# Separation axioms vs subspaces

1. Jun 8, 2005

### Hurkyl

Staff Emeritus
How do separation axioms carry over to subspaces?

Some are clear -- it's easy to see that if any two points of a space X are separated by neighborhoods, then the same must be true of any subset S of X.

But what about the nicer ones? Is it true that if S is a subset of a normal space, that S is itself normal?

This one is less obvious... one example that worries me is this:

Consider the union S of two open discs in R^2. (that aren't disjoint) Consider the two closed sets formed by restricting the boundaries of the two discs to S. We can't directly appeal to the normality of R^2, because the closure of these sets aren't disjoint in R^2.

It is still easy to see S is normal, because it's homeomorphic to R^2, but that doesn't help me in the general case of a subset of an aribtrary normal space.

2. Jun 8, 2005

### NateTG

It should be pretty easy to see that subspaces on closed subsets of normal spaces are normal.
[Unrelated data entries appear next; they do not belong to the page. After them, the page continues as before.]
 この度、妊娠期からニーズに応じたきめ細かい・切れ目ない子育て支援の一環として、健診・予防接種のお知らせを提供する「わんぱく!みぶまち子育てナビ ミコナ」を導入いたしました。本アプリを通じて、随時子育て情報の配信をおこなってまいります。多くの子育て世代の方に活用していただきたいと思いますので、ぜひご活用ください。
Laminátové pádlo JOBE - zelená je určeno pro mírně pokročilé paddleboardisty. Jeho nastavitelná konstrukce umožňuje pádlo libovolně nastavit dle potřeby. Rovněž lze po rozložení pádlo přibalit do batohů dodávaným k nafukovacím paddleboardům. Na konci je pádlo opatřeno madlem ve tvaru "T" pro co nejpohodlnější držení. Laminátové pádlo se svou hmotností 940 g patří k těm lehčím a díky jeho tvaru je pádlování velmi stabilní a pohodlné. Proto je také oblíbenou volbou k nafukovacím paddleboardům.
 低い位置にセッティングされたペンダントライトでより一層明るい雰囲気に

Or, for that matter that on any normal space $S$, the subspace formed on $$S_1$$ is normal if, for any two closed sets $$U,V$$ in $S$ there exists an open set $O$ so that $O\supset U \cap V$ and $O \cap S_1 = \emptyset$

It's pretty straightforward to come up with examples of subspaces of normal spaces that aren't normal. For example, consider the space
$$\{0,1,o,c\}$$
Where the open sets are
$$\emptyset,\{o\},\{0,o\},\{1,o\},\{0,1,o\},\{0,1,o,c\}$$

Which is normal, since the only closed set that does not contain $c$ is $\emptyset$.

However, the subspace $\{0,1,o\}$ is not normal since ${0}$ and ${1}$ are both closed, but any open set containing either also contains $o$.

3. Jun 8, 2005

### Hurkyl

Staff Emeritus
Bleh. Well, what if the space is nicer? Like a normal T2 space?

4. Jun 8, 2005

### NateTG

Hmmm. I have a hard enough time thinking of a non-normal T2 space.

5. Jun 8, 2005

### Hurkyl

Staff Emeritus
Well, http://en.wikipedia.org/wiki/Normal_space suggests that if you take the uncountable product of noncompact Hausdorff spaces, it won't be normal.
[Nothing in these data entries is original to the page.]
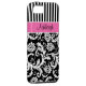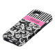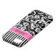 Personalized modern pink, black, and white stripes with damask Case-Mate Vibe™ iPhone 5 Case.
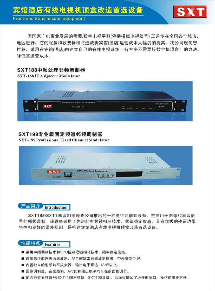 1 | 专业级邻频调制器 | SXT-166 SXT-177 | SXT | 20台 20台 | |||
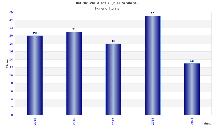| Anno | Firme | Importi | Media | Naz. | Reg. | Prov. | Comu. |
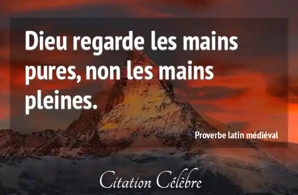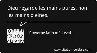 Proverbe  Latin médiéval Dieu : Dieu regarde les mains pures, non les mains pleines....
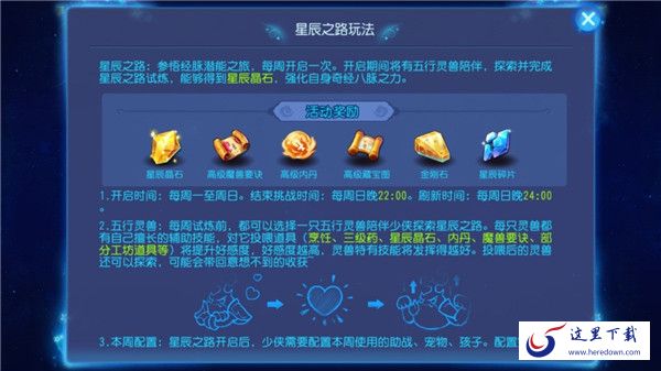 【随身物品】挑战星辰副本,随身多携带三级药、烹饪、星辰晶石、内丹、魔兽要诀、部分工坊道具,用来投喂五行灵兽以提升其好感度,好感度越高,每场试炼结束后的收获可能也会越好哦!

Oh, I guess that suggests an example -- take an uncountable product of compact Hausdorff spaces. That should be normal, right? Then, take as a subset the uncountable product of an open subset.

*sigh* How disappointing. Topology is hard! Maybe I should stick to the world of metric spaces, I understand those better!

6. Jun 8, 2005

### NateTG

I was wondering if the long line was going to figure into this.
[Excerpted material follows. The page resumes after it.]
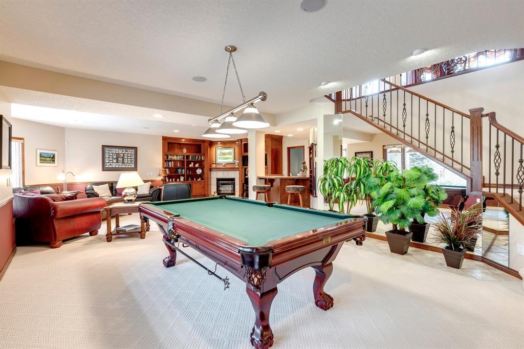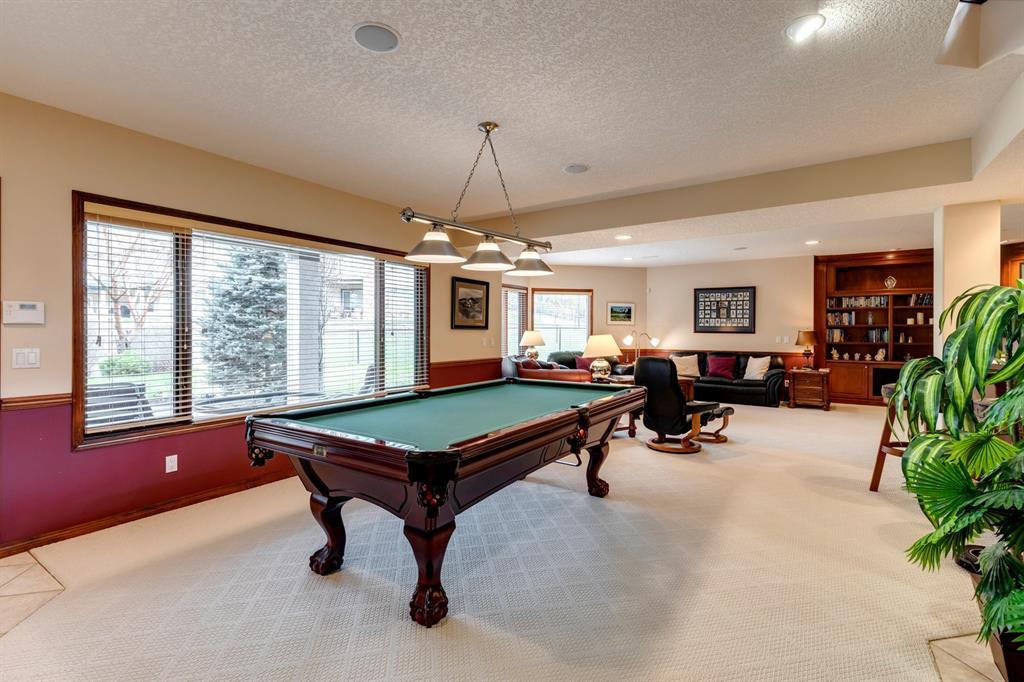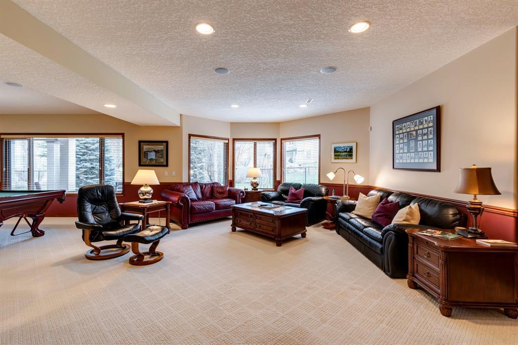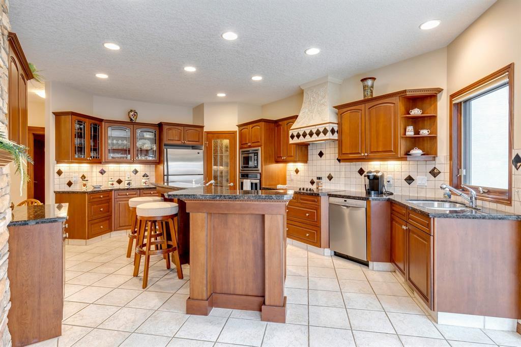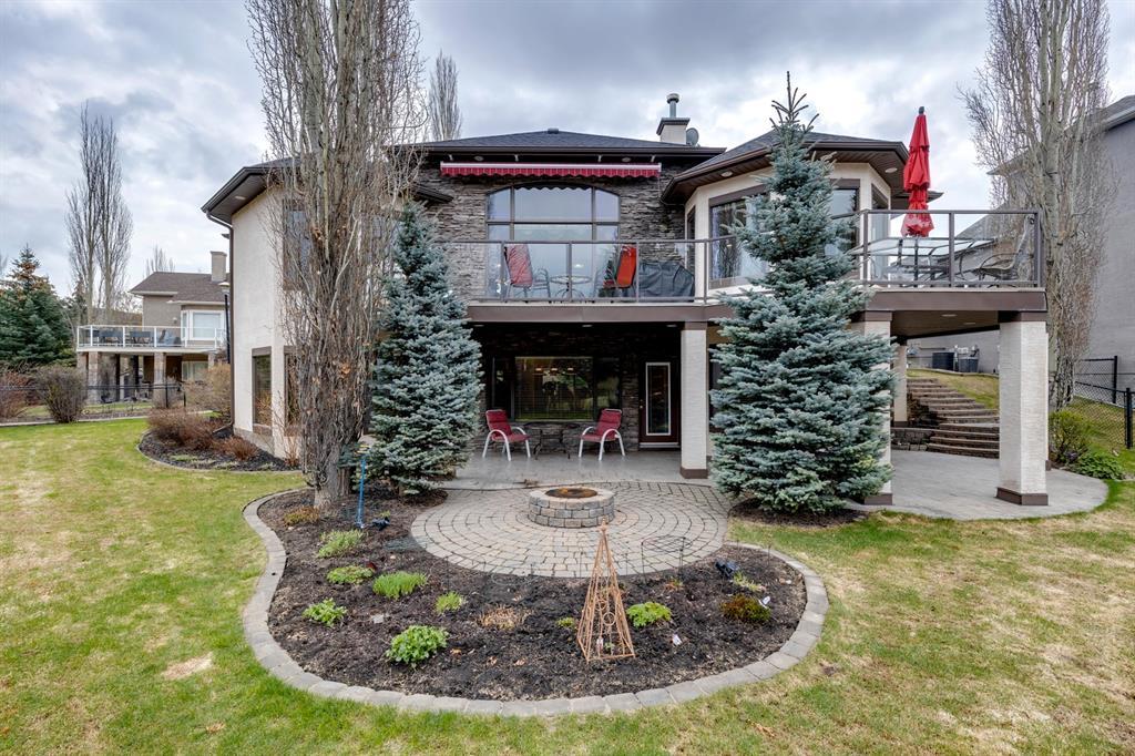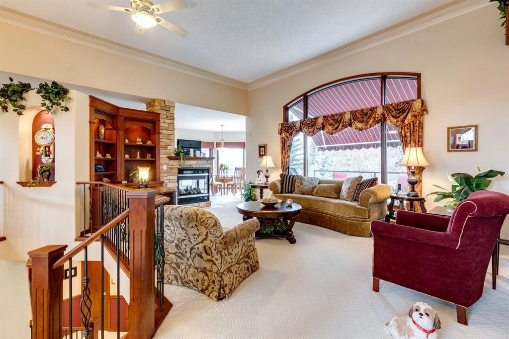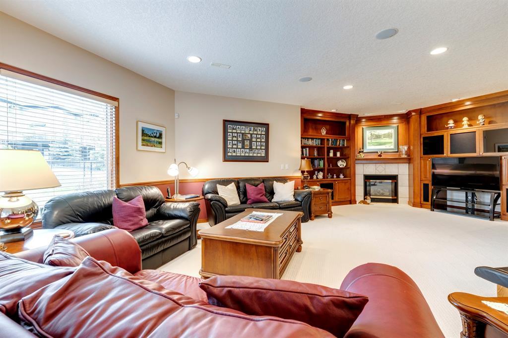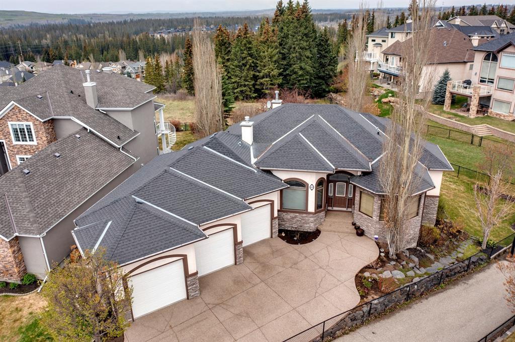 Welcome to Discovery Ridge, a neighbourhood known for its natural parks, pathways and wildlife. This stunning west facing bungalow with a walk-out basement backs onto a green space, a walking path, and features an oversized triple garage. The property is beautifully landscaped with mature trees and flower beds. Enjoy the outdoors from the upper patio shaded by a retractable awning, or warm yourself by the fire-pit located beside the covered patio. As you enter the home, the foyer is flanked by a private home office/den. The formal dining room is ideal for intimate dinner parties. Step into the inviting open concept living room which features soaring 12’ ceilings, built-in bookcases, and a double-sided fireplace. The large kitchen has wood cabinets, stainless appliances, granite counters, tile flooring, dual sinks, and a walk-thru pantry that connects to the mudroom/laundry space. Serve casual meals in the sunny dining nook or at the breakfast bar. The main floor primary bedroom is surrounded by windows, offering plenty of natural light and stunning views. It also features a spacious 5-piece ensuite and walk-in closet. One of the best features of the property is the sizeable walk-out basement with in-floor heat, offering lots of hang-out space, complete with a family room, fireplace, bar, and a recreation room for your pool table. There are also two additional bedrooms, a hobby room (currently being used as an extra guest room), and ample storage space in the lower level. Car enthusiasts will appreciate the oversized triple garage, providing plenty of space for vehicles and storage. Other features of the home include air conditioning and an irrigation system. This home offers the ease of main floor living and a peaceful retreat from the bustle of everyday life. (id:22211)

Topology is nice. It's just that negative examples can be really hard to think of.

Last edited: Jun 8, 2005
7. Jun 8, 2005

### Hurkyl

Staff Emeritus
Ack, open sets that are compact? Well, doesn't the quote from the wikipedia article imply the open subset wouldn't be normal?

Incidentally, the property I want to be true is this:

If I have closed sets $A \cup B = C$, then there exists closed sets A' and B' such that $A' \cup B' = X$, $A' \cap C = A$, and $B' \cap C = B$.

Actually, I don't even need that strong -- I think that it's good enough that if C is a reducible closed set, then there is a way to write X as the union of two closed sets, neither containing C.

I think that this is provable if the complement of C is a normal space, but I guess I can't guarantee that, even if X is a "nice" space.